### About this exercise
Take the lines from the one with "Women's High Waist" through the end of the material below and repeat them exactly, dropping every picture.

### Data for this exercise
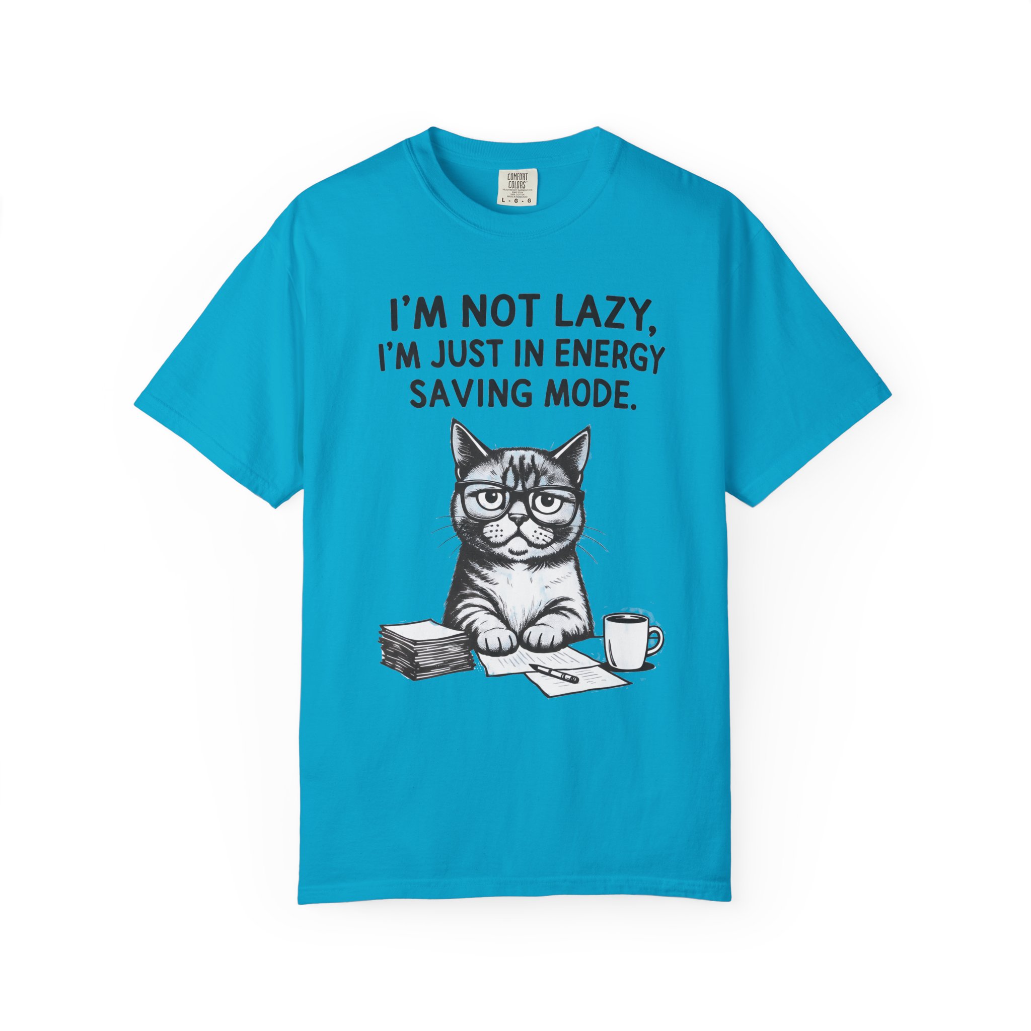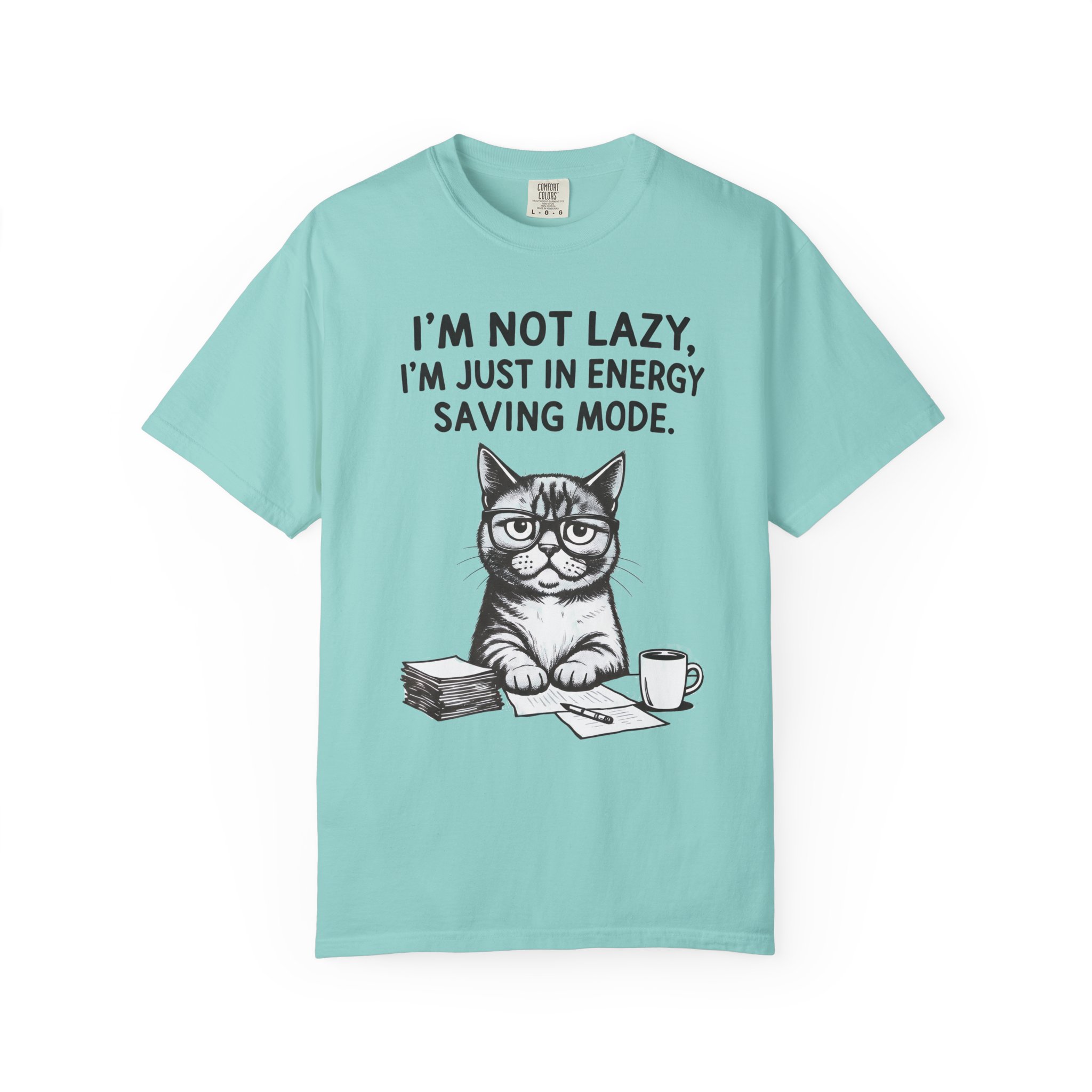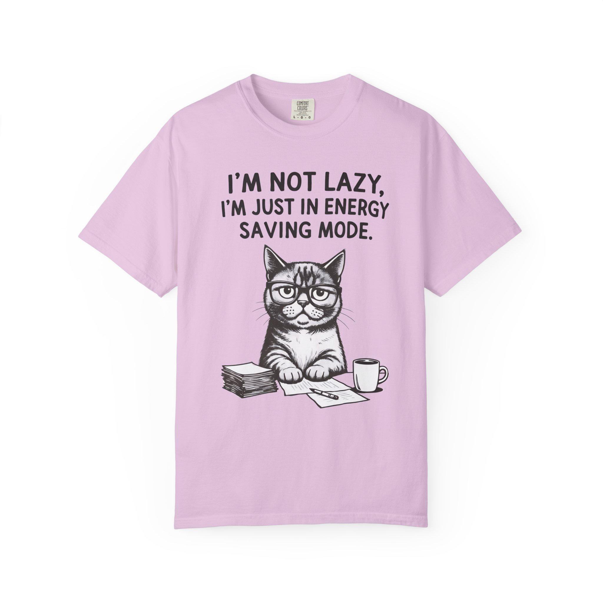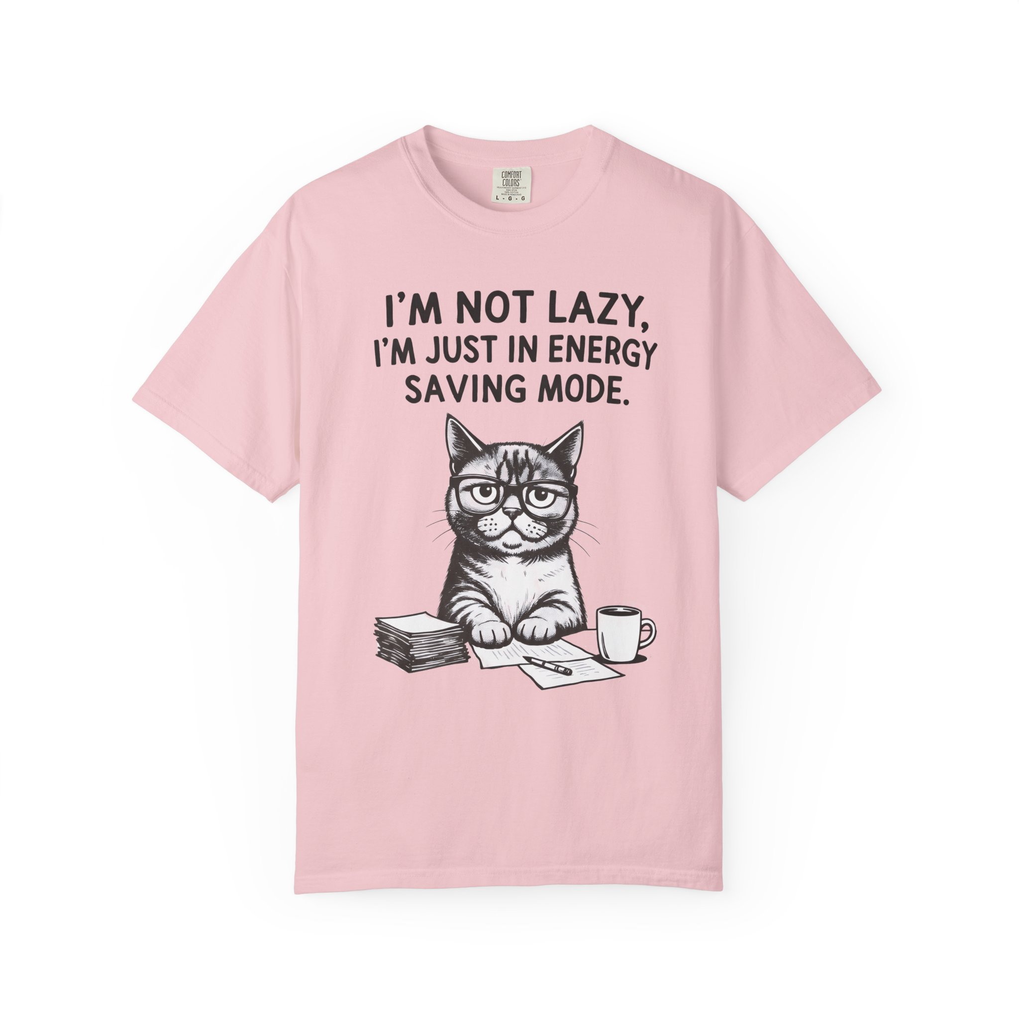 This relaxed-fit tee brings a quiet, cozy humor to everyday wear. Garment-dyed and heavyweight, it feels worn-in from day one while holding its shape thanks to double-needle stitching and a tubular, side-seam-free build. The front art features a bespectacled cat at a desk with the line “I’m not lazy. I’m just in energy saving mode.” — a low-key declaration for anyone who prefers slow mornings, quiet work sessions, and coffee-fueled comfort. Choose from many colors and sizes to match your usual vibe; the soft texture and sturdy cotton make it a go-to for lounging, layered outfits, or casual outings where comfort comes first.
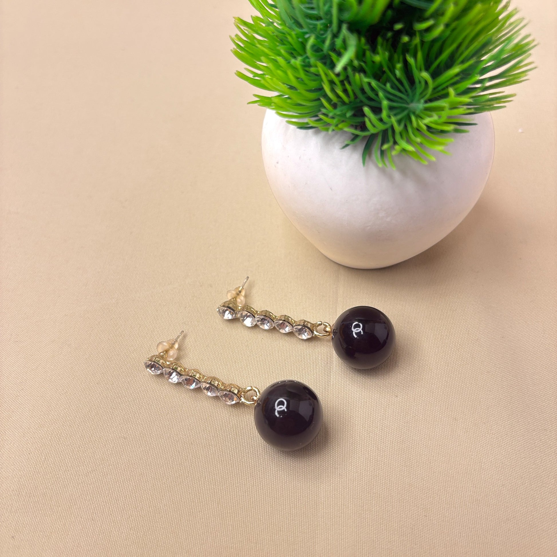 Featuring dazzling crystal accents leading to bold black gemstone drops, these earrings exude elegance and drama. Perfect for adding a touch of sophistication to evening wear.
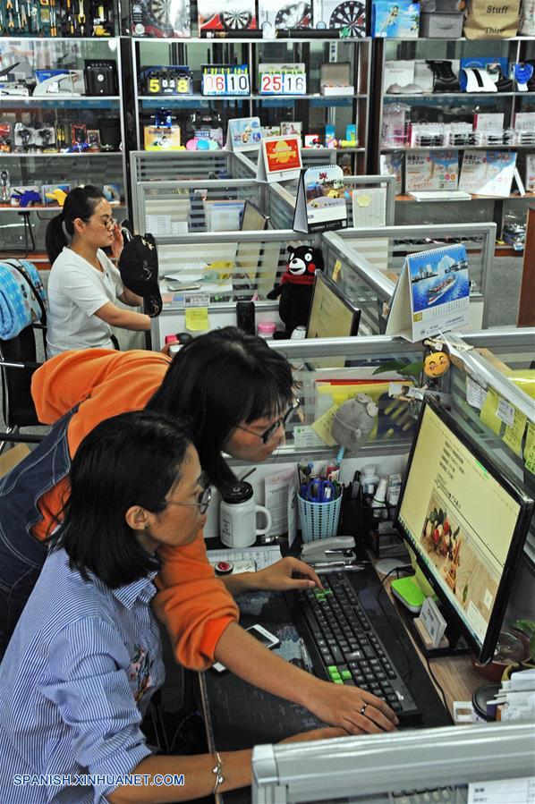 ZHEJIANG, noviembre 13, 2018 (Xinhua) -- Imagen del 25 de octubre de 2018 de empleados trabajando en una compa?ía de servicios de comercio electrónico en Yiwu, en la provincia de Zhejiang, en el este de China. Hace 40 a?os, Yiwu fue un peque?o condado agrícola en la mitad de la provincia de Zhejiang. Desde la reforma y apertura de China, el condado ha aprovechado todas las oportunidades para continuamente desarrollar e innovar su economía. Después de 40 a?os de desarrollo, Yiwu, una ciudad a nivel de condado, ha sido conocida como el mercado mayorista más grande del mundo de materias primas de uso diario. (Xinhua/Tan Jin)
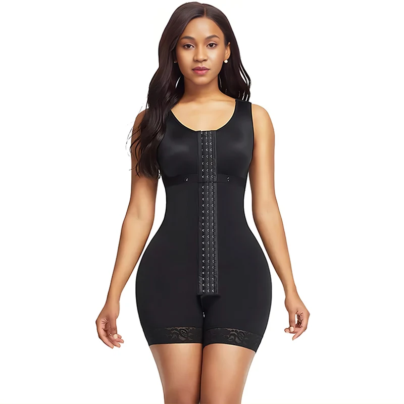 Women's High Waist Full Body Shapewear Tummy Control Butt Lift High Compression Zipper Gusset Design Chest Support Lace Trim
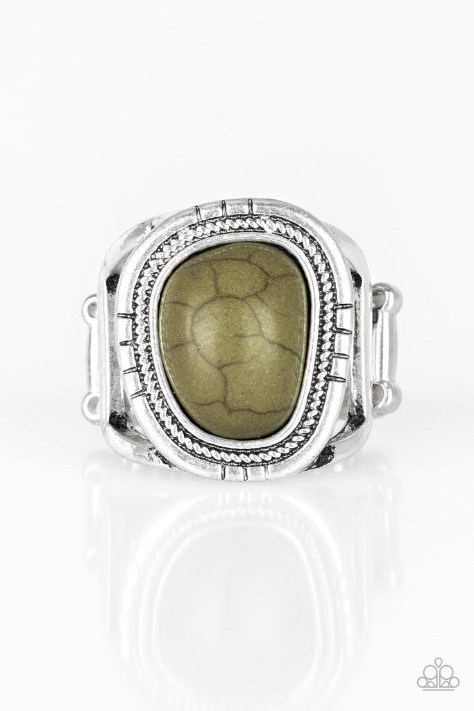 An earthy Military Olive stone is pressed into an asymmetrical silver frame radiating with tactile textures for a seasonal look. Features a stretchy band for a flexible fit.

### Solution to this task
 Women's High Waist Full Body Shapewear Tummy Control Butt Lift High Compression Zipper Gusset Design Chest Support Lace Trim
 An earthy Military Olive stone is pressed into an asymmetrical silver frame radiating with tactile textures for a seasonal look. Features a stretchy band for a flexible fit.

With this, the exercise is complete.